Наутро дыхательную трубку убрали. Хотя я по-прежнему нуждалась в дополнительном кислороде, это был первый ощутимый успех.
Я снова дышала самостоятельно. Пускай мне и приходилось постоянно напоминать себе это делать: после того как я столько времени была подключена к аппарату искусственной вентиляции легких, мой мозг словно решил, что теперь этим занимается кто-то другой.
Когда я не делала ничего, то дышала без проблем, однако вскоре выяснилось, что два дела одновременно были мне не по силам. Стоило мне начать менять положение тела в кровати, как тут же начиналась одышка и я сильно уставала.
«Мне очень холодно», – сказала я крайне настойчиво и с некоторой необъяснимой грустью.
Медсестра ушла взять с обогревателя еще одеял.
Рэнди сжал мои руки и попытался их разогреть своими ладонями. Его лицо исказила страдальческая гримаса.
«Мне нужно тебе кое-что сказать», – начал он.

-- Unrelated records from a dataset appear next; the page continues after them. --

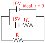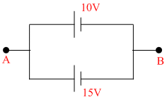 Two cells of e.m.f. 10 V & 15 V are connected in parallel to each other between points A & B. The cell of e.m.f. 10 V is ideal but the cell of e.m.f. 15 V has internal resistance 1 Ω. The equivalent e.m.f. between A and B is:
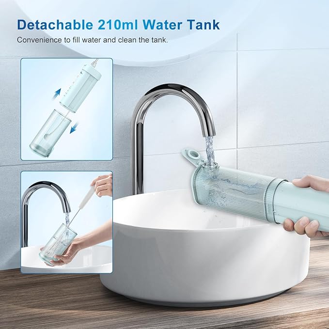 Mini Portable Water Flosser Oral Irrigator Water Teeth Cleaner Pick, Telescopic Water Tank, 4 Modes & IPX7 Waterproof, Home & Travel Water Flossers for Teeth, Braces Bridges Care. (Pearl Blue)
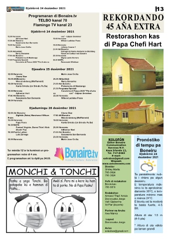 E programashon aki ta ripití pa 24:00. extrabon@gmail.com desèmber 2021
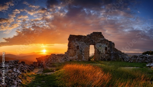 captivating sun setting behind a weathered facade of a mystical ruin bathed in golden hour glow and dramatic sky
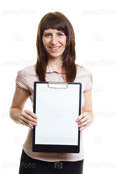 Девушка с папкой на белом фоне
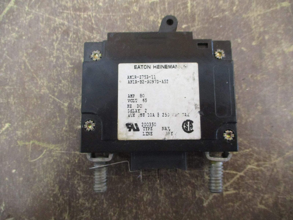 Eaton Heinemann DC Circuit Breaker AM1R-Z753-11 AM1R-B2-AC97D-A52 80A 65VDC 1P Eaton Heinemann DC Circuit Breaker Part #: AM1R-Z753-11 AM1R-B2-AC97D-A52 80 A 65 VDC 1P Used Loc: 59F3-28
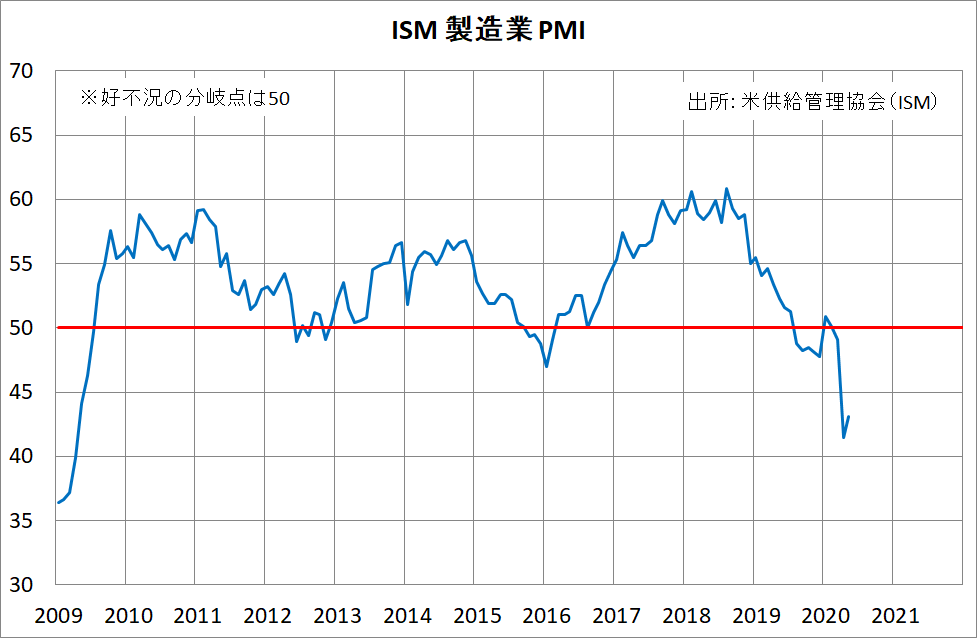2020/06/02 ISM製造業景況指数 米サプライ管理協会(ISM)が1日発表した5月の製造業景況指数は、43.1。市場予想は43.6。 「旗は鳴る鳴る ラッパは響く」カテゴリの最新記事 < 前の記事次の記事 >
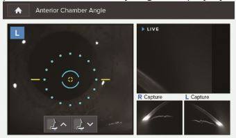 Widok kątów przedniego odcinka oka ACA umożliwia postawienie diagnozy zamknięcia kątów przesączenia, co często jest główną przyczyną jaskry. (HNT-1P)
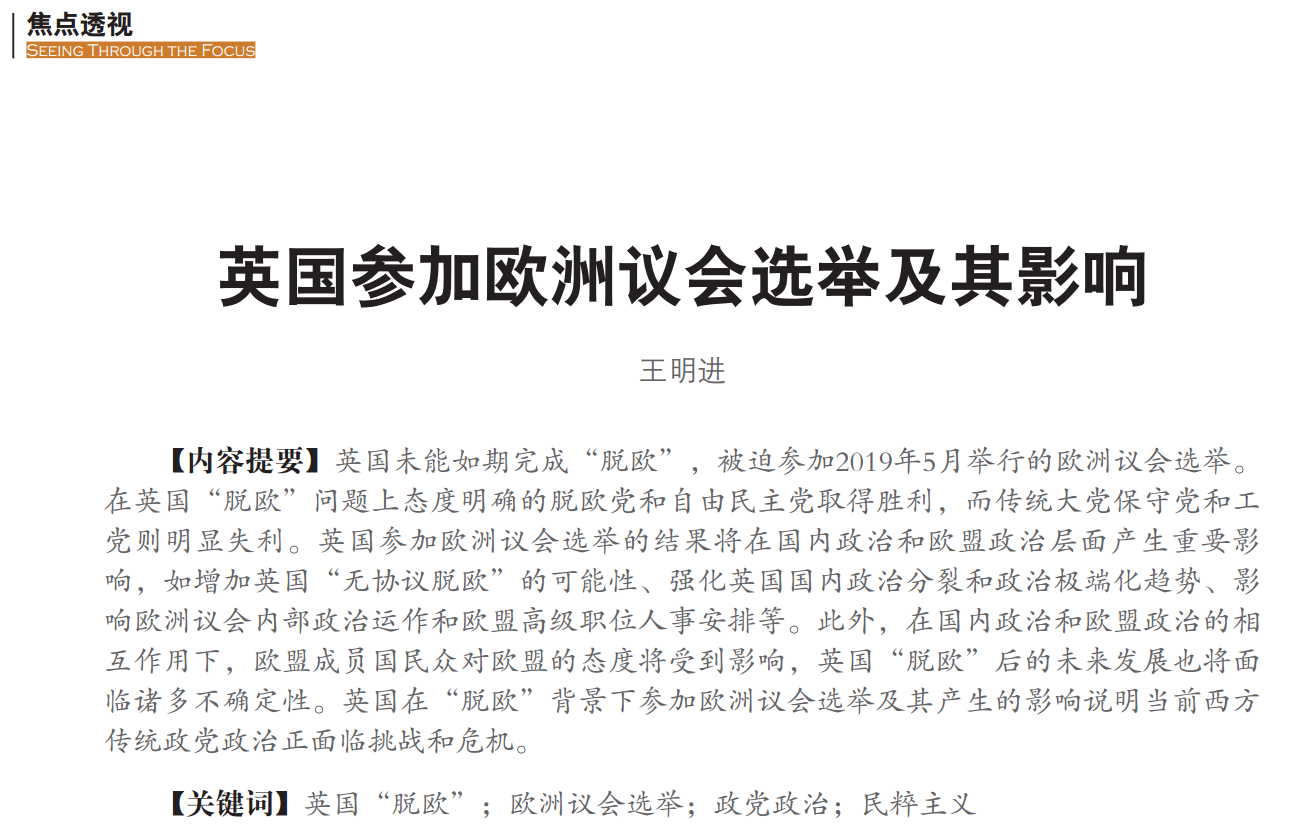UED体育副院长王明进研究员在CSSCI期刊《当代世界》2019年第7期发表论文《英国参加欧洲议会选举及其影响》,以下是论文摘要:
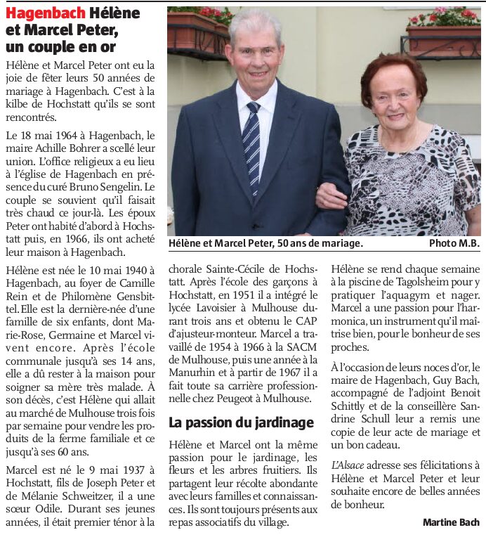 Noces d’or de M. Marcel PETER et Mme Hélène REIN
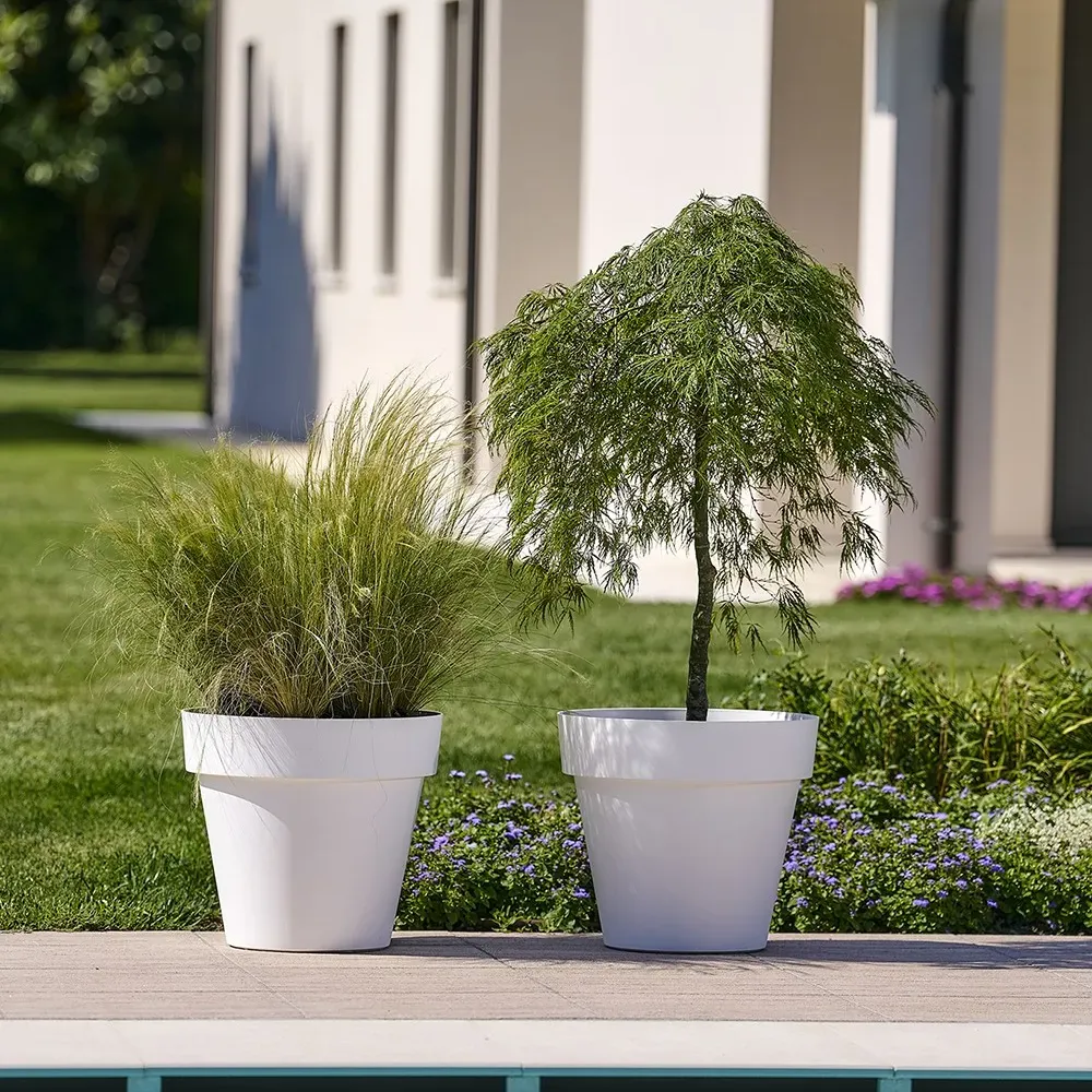 Aus 100% recycelbaren Polypropylen hergestellt, ist der MITU PAC von euro3plast mit seiner klassischen Form in den unterschiedlichsten Größen erhältlich. Von kleinen aber feinen 20cm Durchmesser bis zu einer eindrucksvollen Größe von 100cm Durchmesser ist dieser Pflanzentopf vielseitig einsetzbar. Durch seine UV- und Temperaturbeständigkeit können Sie den MITU PAC Pflanzentopf auch unbesorgt das ganze Jahr über draußen stehen lassen. Durch seine Stoßfestigkeit haben Sie so einen lang haltbaren und damit nachhaltigen Pflanzentopf, der mit seiner elegant matten Oberfläche und natürlicher Farbauswahl fast überall einsetzbar ist. Mit Ablauflöchern versehen um Staunässe zu vermeiden müssen Sie sich in Kombination mit einem passenden MEDEA Untersetzer keine Sorgen mehr machen, denn durch die Löcher kann überflüssiges Wasser ablaufen und in dem Untersetzer in kleinen Mengen wie bei einem Wasserspeicher bei Bedarf wieder von der Pflanze aufgenommen werden.
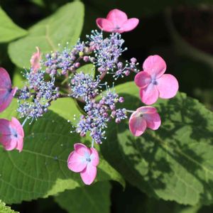山紫陽花が咲き始めました 良いお天気です 花の影が影絵のように葉っぱに*・゜゚・*
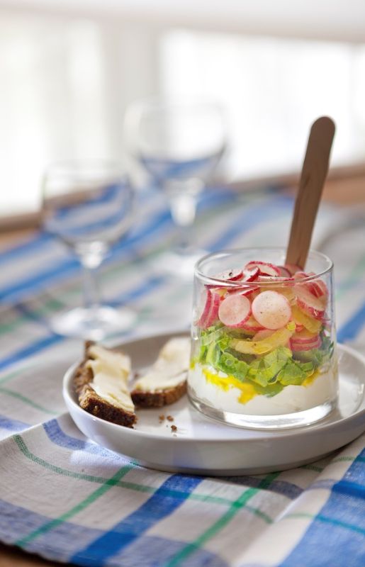 Commencez par couper les fanes de radis, puis hachez-en une partie. Lavez et séchez les radis avant de les couper en rondelles. Dans un saladier, mélangez le vinaigre, l’huile et le sel, ajoutez les radis et l’oignon ciselé. Pour la ricotta, associez-la au wasabi en mélangeant bien. Montez vos verrines avec une couche de ricotta, suivie des fanes, puis de la salade de radis. Accompagnez de pain noir beurré ou de gressins au sésame.
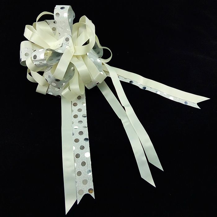 Подарочный бант – шар (гигант) с глиттером "Горох" Белый с серебром состоит из 5-7 лент, скрепленных между собой. Огромное разнообразие, как форм, так и материалов, из которых они сделаны, позволяют с легкостью подобрать нужный подарочный декор.
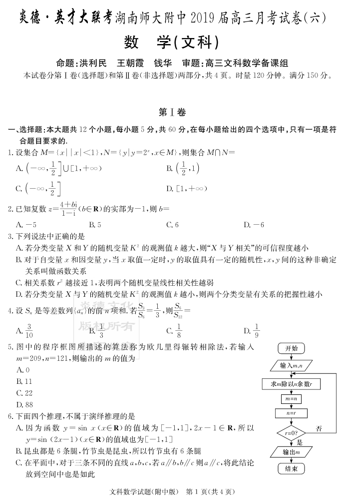 【文數(shù)】炎德英才大聯(lián)考2019師大附中高三6次月考
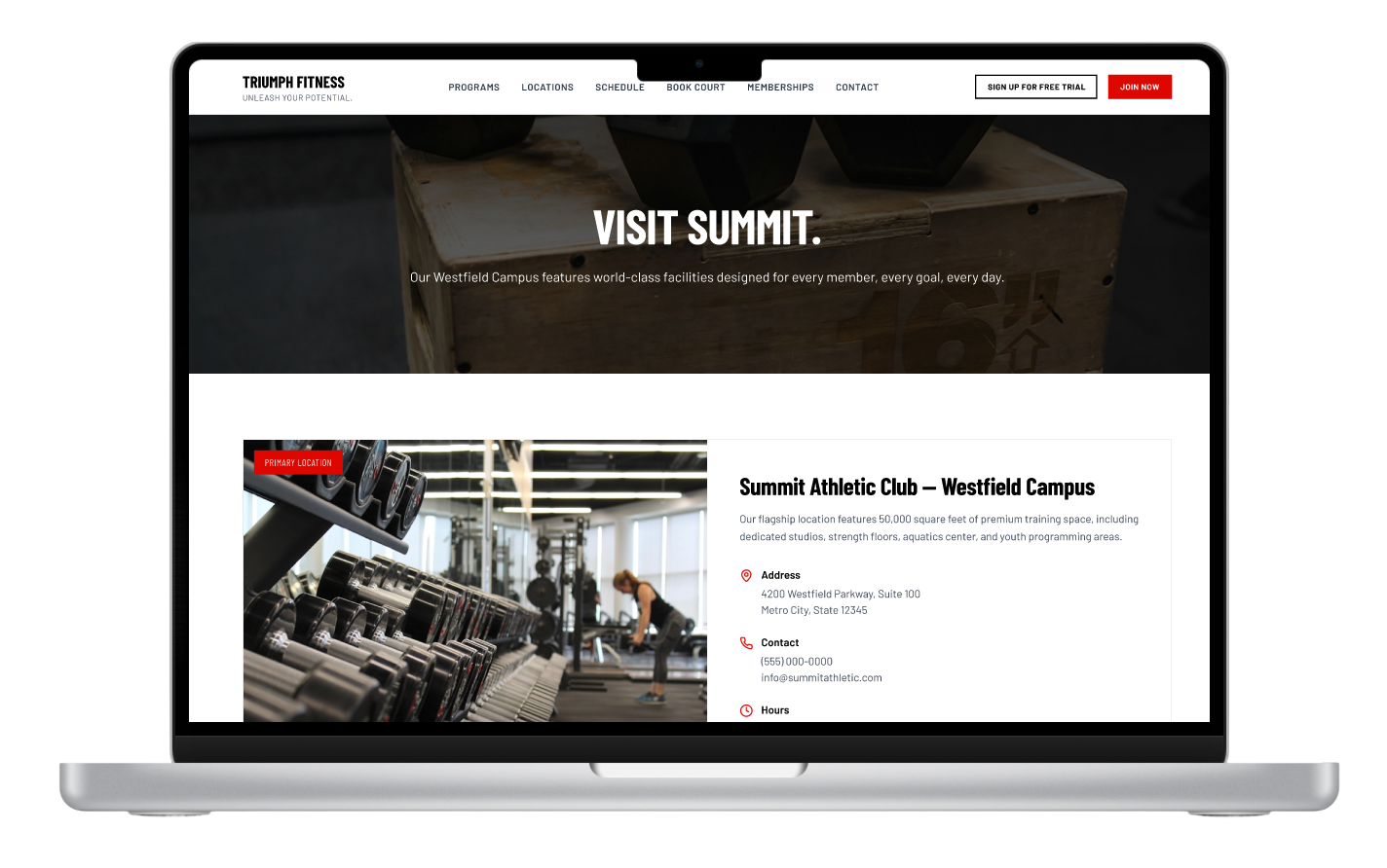 Triumph Fitness Theme delivers a bold, energetic look for clubs that want a strong digital presence. Its bright styling and confident presentation help fitness-focused brands promote memberships, classes, and standout experiences.
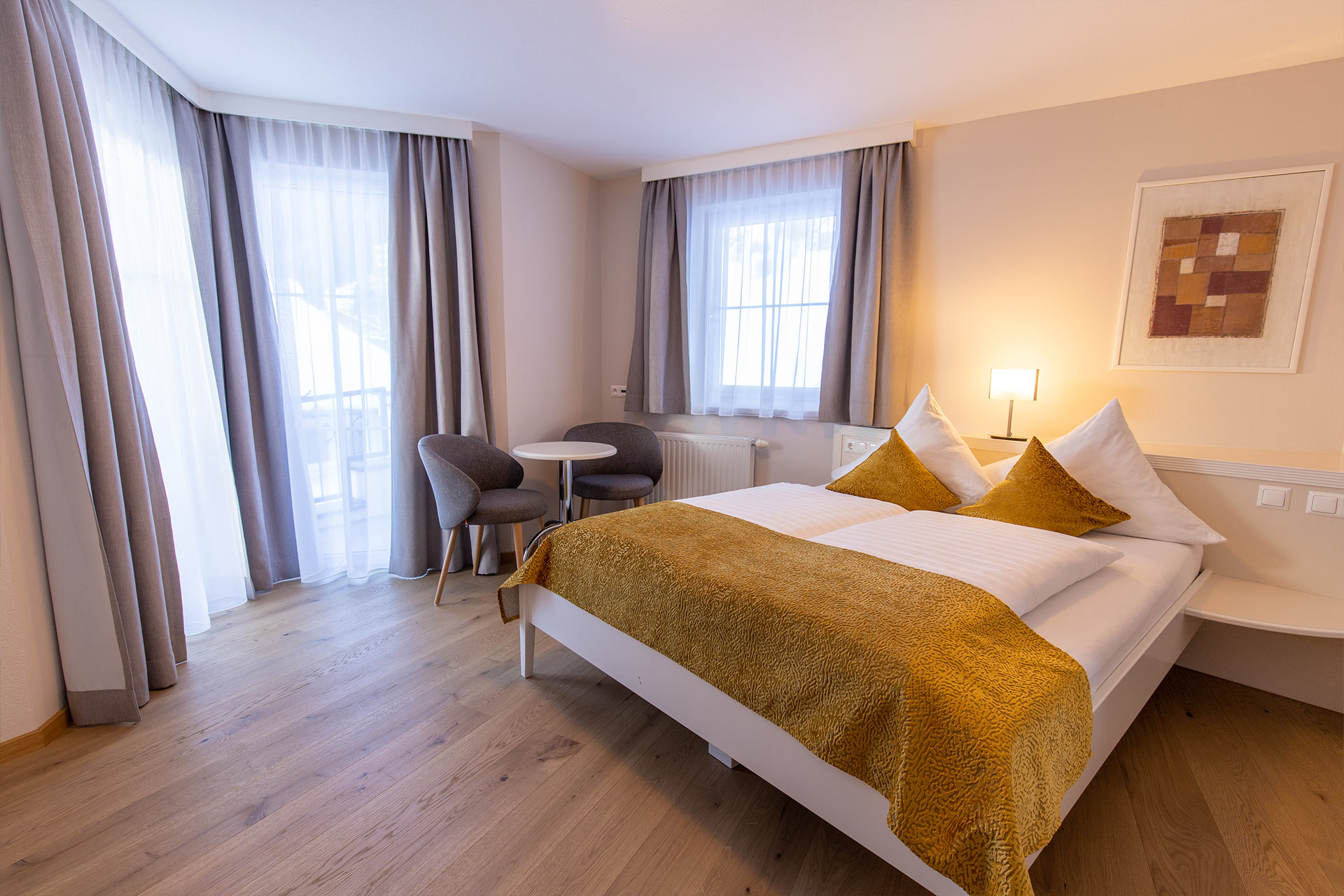 Wir bieten Einzelzimmer und Doppelzimmer in 3 verschiedenen Kategorien. Die Einzelzimmer sind 10 - 13 m² groß, die Doppelzimmer je nach Kategorie zwischen 16 und 25 m².
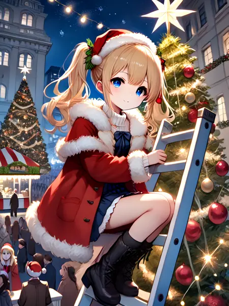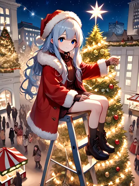 참고: 성공률이 절반 미만이며, 계단이 매우 불안정하고 크리스마스 트리가 돌아다닙니다. 그녀는 헤어스타일을 바꿀 수 있습니다. (Pony 및 ILXL 및 FLUX)
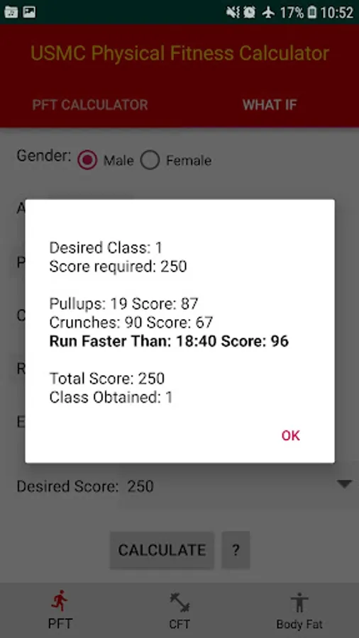 Includes a "What-if" calculator for the PFT and CFT which allows you to input 0, 1, or 2 scores and the calculator will determine what results you need to achieve to obtain a certain class.
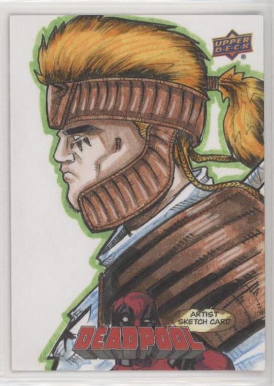 So I just traded my Keith Akers GotG2 sketch of Juggernaut for a GotG2 spiderman sketch by Estrella Rivera and this Deadpool sketch by Chris Willdig. I'm drawing a blank on just what character this is though. Was there a time when the Silver Samurai wore what looks like leather helmet/shoulders and actually had long blonde hair?

Должно быть, это насчет того, что они обсуждали. Я посмотрела на него и поняла, что дело было в ребенке. Они даже и не думали, что я могла уже знать о его смерти.
«Ребенка не удалось спасти».
У меня на глаза навернулись слезы – не из грусти о погибшем ребенке, а из сочувствия к мужу. Я видела, что он сильно старался, чтобы как можно мягче донести до меня эти новости. Они ведь обсуждали, кому и когда следует мне об этом рассказать, а возможно даже и как.
У меня даже и в мыслях не было, что ребенок мог выжить после всего случившегося. Разумеется, он умер. Увидев, однако, его лицо, я поняла, что лучше подыграть. Я грустно закивала головой.
«Мне очень жаль», – добавил он.
Мой голос после длительного пребывания в горле трубки был тоненьким, так что я прошептала: «Ну да ничего. Мы еще сможем завести детей – нужно только, чтобы я была жива».
Он улыбнулся – было видно, что он испытал облегчение.
«Мне до жути холодно», – повторила я и начала вспоминать события той самой ночи. Мне нужно было обязательно рассказать обо всем Рэнди. На случай, если я забуду. Ну или умру.
«Я видела себя, – попыталась начать я, желая рассказать о том моменте в операционной, когда боль ушла, а я умирала. Я прокашлялась, пытаясь восстановить голос. – Не было никакой боли: она полностью прошла. Причем было такое чувство, словно я знала, что если захочу, то могу чувствовать так себя всегда. Мне не было нужды возвращаться к боли. Не знаю, откуда я это знала, однако я знала, что мне нужно сделать выбор, понимаешь?» Я так отчаянно пыталась ему все объяснить, что не находила нужных слов. Я стала всматриваться в его лицо в поисках понимания, чтобы продолжить свой рассказ. Я остановилась, чтобы подышать, так как не могла говорить и дышать одновременно.